The number of maize seed dataset is limited and may bring the overfitting for the proposed model. Therefore, the data augmentation methods, such as horizontal flip, vertical flip, and angle rotation, are adopted to augment the maize seed data set by a factor of 4. The experimental results prove that such a large dataset is enough to train a model with very strong generalization ability.

Sunflower seed dataset

To thoroughly evaluate the effectiveness of the proposed method, we constructed our sunflower seed dataset on an industrial production line for the experiments. The image acquisition device equipped with a color line scan camera is established to collect 15834 sunflower seed RGB images with the size of 100×100 pixels. And we divided them into two categories, as shown in Fig. 5. The top row is the abnormal seed images composed of leaves, stones, defective seeds, etc. The bottom row is the normal sunflower seed images. It is worth noting that when the picture contains several seeds and impurities or hybrids, we will classify them as abnormal to ensure a low false alarm. In our experiment, about three-quarters of the dataset are randomly selected as the training set, and the remaining images are used for testing, as shown in Table 3.

Table 3:

Category distribution and proportion of the training set on maize seed dataset and sunflower seed dataset.

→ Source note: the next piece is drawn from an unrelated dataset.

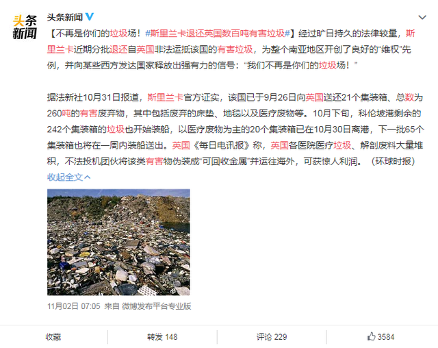 斯里兰卡因垃圾这件事和英国battle了好久,两方都在拼命争取自己的权益。一方不愿意接受,一方不想收回。最终经过旷日持久的较量,斯里兰卡battle赢了。毕竟把自己的垃圾扔到别人的国家,于情于理都说不过去,还有点过分。

Dataset	Category distribution	The proportion of the training set
Maize	1770 (Diploid) 1230 (Haploid)	75%
Sunflower	7837 (Normal) 7997 (Abnormal)	≈75%

DOI: 10.7717/peerjcs.639/table-3

Implementation details and evaluation metric

Implementation details

All experiments were performed on a 64-bit Linux-based operation system, Ubuntu 18.04. The software is mainly based on the deep learning architecture of Pytorch and python development environment Spyder. The hardware is based on an Intel(R) Xeon(R) CPU E5-2650 v4 @2.20 GHz and two NVIDIA Quadro M5000 GPUs, with CUDA10.2 accelerating calculation.

And we train the network by mini-batch SGD, with an initial learning rate of 0.001 and a reducing factor of 0.1 after 30 epochs. The momentum parameter is set to 0.9 and the weight decay parameter is 0.0001. The number of iterations in training is 100, and the batch size is set to 16 and 64 on the maize and sunflower datasets, respectively. Besides, the input image size is resized to 224×224-pixel by the CenterCrop function, and the parameter g is set to 4 by analyzing experimental results.

Evaluation metric

To quantitively evaluate the effectiveness of the proposed method, four metrics, such as true positive (tp), true negative (tn), false positive (fp), and false negative (fn) are adopted in our method. tp is the true positive and represents correctly recognized haploid maize seeds or the normal sunflower seed. tn is the true negative and represents correctly recognized diploid maize seeds or the abnormal sunflower seed. fp is the false positive and represents the falsely recognized haploid maize seeds or the normal sunflower seed. fn is the false negative and represents falsely recognized diploid maize seeds or the abnormal sunflower seed. Based on these metrics, four evaluation metrics, accuracy (Acc), precision (p), recall (r) and F1-score, are calculated as Table 4.

Table 4:

Calculation formulas and explanations of binary class metrics.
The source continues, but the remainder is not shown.